Conspiracies: Welcome to cockamamie


Wake up, America. Stop buying into the lies and propaganda fed to you by the politicians, and start demanding the truth. The answers are all around you; you just need to open your eyes and look. Jet fuel can’t melt steel beams. (Duh?)

This sort of talk should be familiar to anyone who’s spent any amount of time on the Internet. Whether buried deep in the comments section of a YouTube video or plastered all over your Facebook news feed, 9/11 conspiracy theorists (known as “truthers”) are so prevalent online that they’ve inspired their own memes.

To most of us, the idea of 9/11 as an inside job may seem ludicrous. Does anyone really believe that our federal government — which, in recent years, has shown itself to be too ineffective and politically divided to pass a simple budget — is capable of masterminding and flawlessly executing the most sinister act of terrorism the world has ever seen?

My goal here is not to argue about the particulars of jet fuel and steel beams. What I’m more concerned about is the prevalence of these types of conspiracy theories and their impact on our society. Whether it’s the Illuminati, that fluoride in our drinking water, or Obama’s birthplace, people are always rejecting the “official” story, in favor of ulterior motives/theories/explanations.

What’s the danger of this sort of mentality? Why should it affect anyone else if a few of us would feel more comfortable sporting tinfoil hats?

For one, it’s not just “a few of us.” While it’s easy to dismiss conspiracy theorists as paranoid loners – living alone in their parents’ basement, a 2014 study by researchers at the University of Chicago found that nearly 50 percent of Americans, from a variety of backgrounds, believe in at least one conspiracy theory.

One can see this mentality leaching into mainstream politics, as well. Politicians often appeal to the fears and suspicions of their constituents, no matter how baseless they may be. When a military training exercise known as Jade Helm took place in rural Texas, some citizens feared what they deemed to be the start of a massive federal takeover. Rather than quell or ignore these rumors, Texas governor Gregg Abbott paid lip service to the theorists, even going so far as to request that the Texas State Guard “monitor” the exercise.

One of the greatest blessings of living in America is the freedom to believe whatever you want. However, when conspiratorial fiction is substituted for political or scientific realities, problems occur. When Republican presidential candidates, including two doctors, debate the supposed link between vaccinations and autism, despite overwhelming medical evidence to the contrary, it’s easy to laugh it off. But as the recent measles outbreak in California shows, 15 years after the disease was thought to be eradicated, the consequences of these types of misconceptions are not immaterial.

Now, I understand that “conspiracy theory” is a loaded term, often used to discredit ideas as farfetched or paranoid. And I am not suggesting that citizens must blindly accept whatever narrative their leaders proffer. And some conspiracies have turned out to be true; think Watergate, or the Iran-Contra affair. Skepticism and wariness toward those in power is fundamental to democracy.

However, the type of thinking I’m referring to is not mere skepticism. It is a tendency to view everything as interconnected.

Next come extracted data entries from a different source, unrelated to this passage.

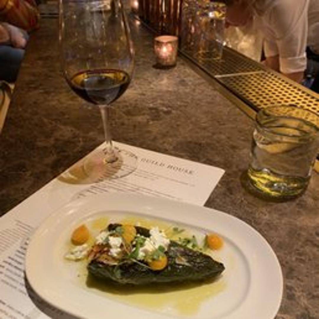 A vibrant poblano pepper, generously filled with a flavorful blend of seasoned ground beef, roasted corn, black beans, and Monterey Jack cheese. Baked until golden and served with a zesty cilantro-lime crema.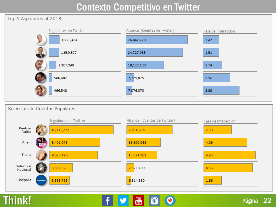 Este análisis de busca establecer un punto de inicio en las estrategias digitales y en medios sociales para la contienda del 2018, pues en Think! (a lot) Mercadotecnia, consideramos que la conversación en redes será crucial para elegir al próximo Presidente de México.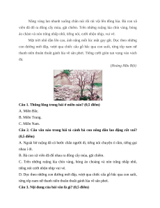 Câu 1. Thũng lũng trong bài ở miền nào? (0,5 điểm) A. Miền Bắc. B. Miền Trung. C. Miền Nam.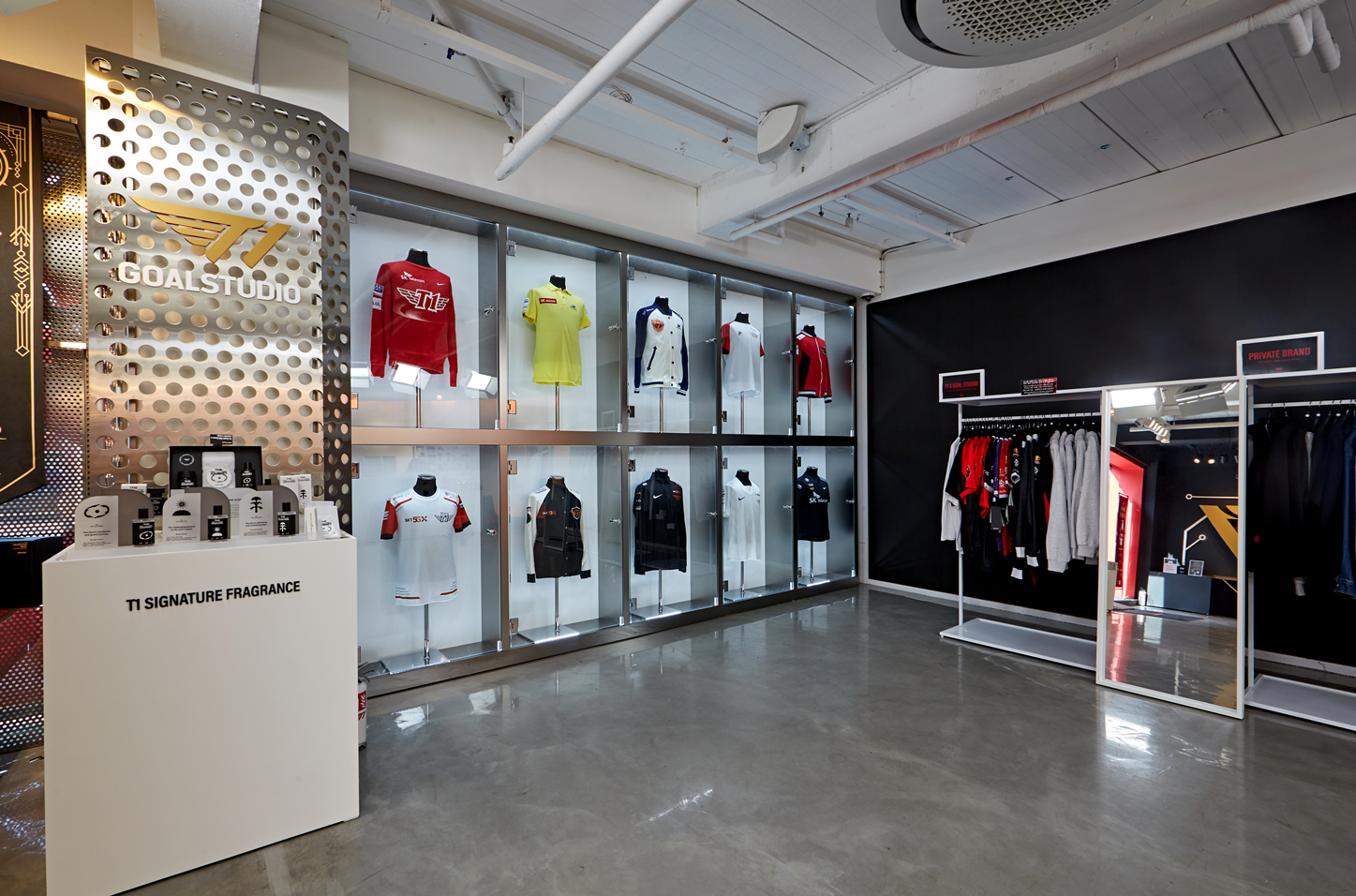 이곳은 브랜드 굿즈들이 한눈에 들어오도록 제품 자체가 빛의 중심이 되도록 조명과 레이아웃 설계에 신경써서 연출하였습니다.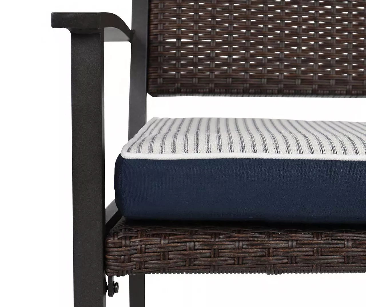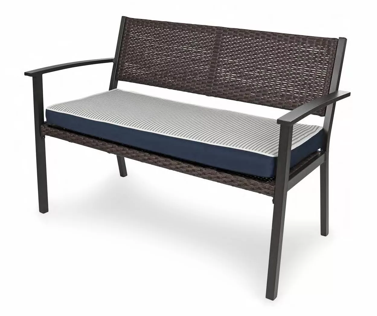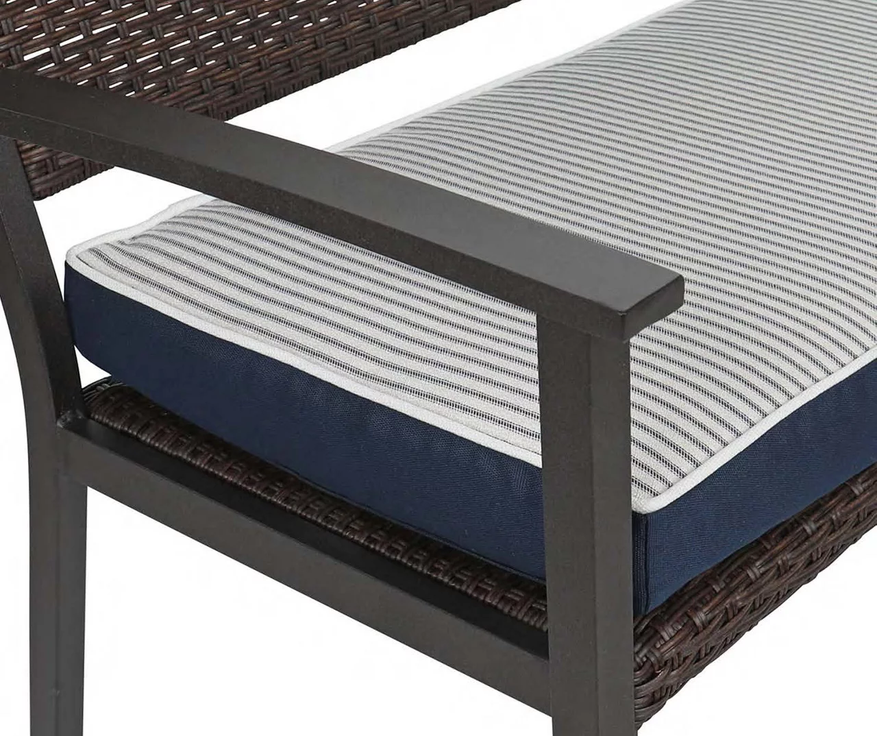 Add comfort and style to an outdoor bench using this deluxe cushion. Made of high performance solution dyed fabric that is fade, stain, mold and mildew resistant, the cushion features a decorative tick line pattern on one side as it reverses to a solid navy blue hue. Designed with gusseted sides with contrasting piping, this cushion is a wonderful update for seating on your patio, deck or porch.

All new evidence is either incorporated into their particular theory or dismissed as propaganda, spread by those complicit in the “cover-up.” In many ways, it is the exact opposite of skepticism.

It’s true that many conspiracy theories contain a grain of truth, making them difficult to disregard entirely. But conspiracy theories don’t draw light to these realities; they strive to overshadow them. They wash away specifics and distract us from the real issues.

Our responsibility, then, as enlightened citizens, is to look past these elaborate narratives and focus on the core concerns behind them. Worried about living in an Orwellian police state? Why not do some research on the NSA surveillance programs uncovered by Edward Snowden, or pay attention to police brutality in your community?

Instead of discussing Jay-Z’s role in the Illuminati, look into the 2010 Supreme Court’s disastrous 2010 ruling, Citizens United, which allows corporations to funnel unprecedented amounts of money into influencing political elections.

And for God’s sake, stop blaming George Bush for 9/11, and start holding him and others within his administration accountable for the numerous misguided and downright nefarious policies — from the Patriot Act to the Iraq War and Guantanamo Bay — enacted under the proclaimed guise of protecting American lives.

The sad truth is that you don’t need to fabricate secret organizations or cockamamie theories to find sinister problems within American society — they are happening every day, out in the open. But when you dismiss everything as a conspiracy, all you are really doing is disengaging from the political process and allowing these very serious issues to remain unaddressed.

Which — if there really is an all-powerful covert group running the world — is exactly what they’d want.